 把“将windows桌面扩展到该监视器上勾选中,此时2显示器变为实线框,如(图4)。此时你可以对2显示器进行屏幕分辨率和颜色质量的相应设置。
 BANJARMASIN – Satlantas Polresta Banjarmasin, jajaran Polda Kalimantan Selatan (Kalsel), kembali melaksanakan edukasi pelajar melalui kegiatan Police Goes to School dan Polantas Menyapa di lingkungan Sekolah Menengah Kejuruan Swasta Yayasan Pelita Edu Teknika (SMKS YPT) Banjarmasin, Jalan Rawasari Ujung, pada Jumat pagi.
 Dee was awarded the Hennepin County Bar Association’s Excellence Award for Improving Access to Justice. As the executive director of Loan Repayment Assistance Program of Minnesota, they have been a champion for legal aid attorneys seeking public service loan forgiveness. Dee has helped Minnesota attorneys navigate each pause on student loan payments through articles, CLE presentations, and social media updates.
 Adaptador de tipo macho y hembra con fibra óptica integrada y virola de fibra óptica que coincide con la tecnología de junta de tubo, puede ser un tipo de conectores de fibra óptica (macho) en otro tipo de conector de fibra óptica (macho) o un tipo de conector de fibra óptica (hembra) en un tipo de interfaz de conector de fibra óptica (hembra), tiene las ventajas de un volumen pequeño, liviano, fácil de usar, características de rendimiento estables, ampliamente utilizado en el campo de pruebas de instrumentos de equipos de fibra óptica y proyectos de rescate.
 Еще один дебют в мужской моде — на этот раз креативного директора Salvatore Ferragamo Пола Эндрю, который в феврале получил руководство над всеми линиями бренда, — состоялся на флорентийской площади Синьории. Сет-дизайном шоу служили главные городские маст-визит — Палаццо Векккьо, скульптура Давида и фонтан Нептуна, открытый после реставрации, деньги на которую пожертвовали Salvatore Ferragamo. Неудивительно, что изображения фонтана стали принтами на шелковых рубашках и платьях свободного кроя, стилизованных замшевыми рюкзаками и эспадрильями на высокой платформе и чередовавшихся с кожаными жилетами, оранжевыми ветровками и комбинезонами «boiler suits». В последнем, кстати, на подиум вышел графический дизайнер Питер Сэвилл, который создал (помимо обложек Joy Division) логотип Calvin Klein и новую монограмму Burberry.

- Problem requirements
Begin with the line above that has "BANJARMASIN – Satlantas" and continue through the line that has "Adaptador de tipo", setting each one down exactly. Stop there.

- Exercise output
 BANJARMASIN – Satlantas Polresta Banjarmasin, jajaran Polda Kalimantan Selatan (Kalsel), kembali melaksanakan edukasi pelajar melalui kegiatan Police Goes to School dan Polantas Menyapa di lingkungan Sekolah Menengah Kejuruan Swasta Yayasan Pelita Edu Teknika (SMKS YPT) Banjarmasin, Jalan Rawasari Ujung, pada Jumat pagi.
 Dee was awarded the Hennepin County Bar Association’s Excellence Award for Improving Access to Justice. As the executive director of Loan Repayment Assistance Program of Minnesota, they have been a champion for legal aid attorneys seeking public service loan forgiveness. Dee has helped Minnesota attorneys navigate each pause on student loan payments through articles, CLE presentations, and social media updates.
 Adaptador de tipo macho y hembra con fibra óptica integrada y virola de fibra óptica que coincide con la tecnología de junta de tubo, puede ser un tipo de conectores de fibra óptica (macho) en otro tipo de conector de fibra óptica (macho) o un tipo de conector de fibra óptica (hembra) en un tipo de interfaz de conector de fibra óptica (hembra), tiene las ventajas de un volumen pequeño, liviano, fácil de usar, características de rendimiento estables, ampliamente utilizado en el campo de pruebas de instrumentos de equipos de fibra óptica y proyectos de rescate.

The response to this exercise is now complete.